Input data =
====

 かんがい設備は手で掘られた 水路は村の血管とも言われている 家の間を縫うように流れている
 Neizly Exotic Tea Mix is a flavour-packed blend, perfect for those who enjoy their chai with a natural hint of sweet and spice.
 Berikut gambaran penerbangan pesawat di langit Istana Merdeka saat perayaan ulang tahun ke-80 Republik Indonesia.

====

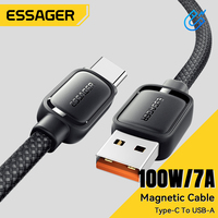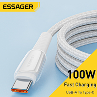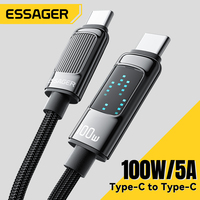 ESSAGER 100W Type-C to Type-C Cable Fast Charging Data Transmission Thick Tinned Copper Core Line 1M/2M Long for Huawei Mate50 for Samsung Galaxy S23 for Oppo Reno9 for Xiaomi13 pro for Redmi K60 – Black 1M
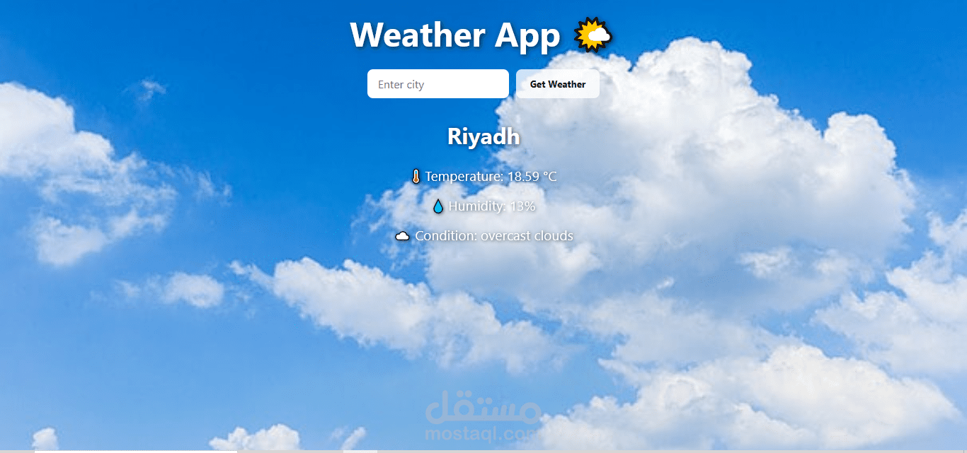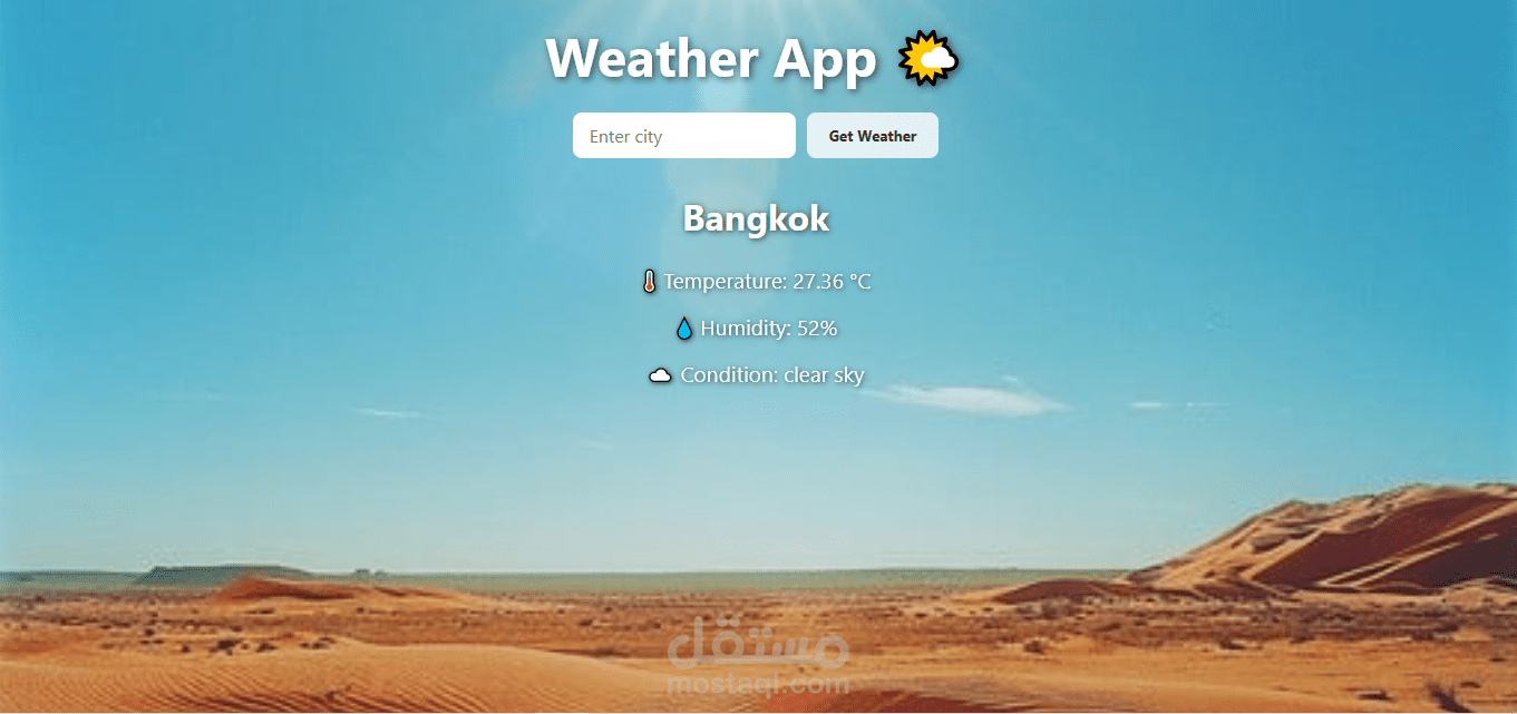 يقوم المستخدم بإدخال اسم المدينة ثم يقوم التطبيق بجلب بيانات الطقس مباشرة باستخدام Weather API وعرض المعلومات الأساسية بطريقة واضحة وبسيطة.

====

Your assignment = All lines in the data above from the one with "Neizly Exotic Tea" through the one with "Berikut gambaran penerbangan" must be repeated exactly, and no others.

Response =
 Neizly Exotic Tea Mix is a flavour-packed blend, perfect for those who enjoy their chai with a natural hint of sweet and spice.
 Berikut gambaran penerbangan pesawat di langit Istana Merdeka saat perayaan ulang tahun ke-80 Republik Indonesia.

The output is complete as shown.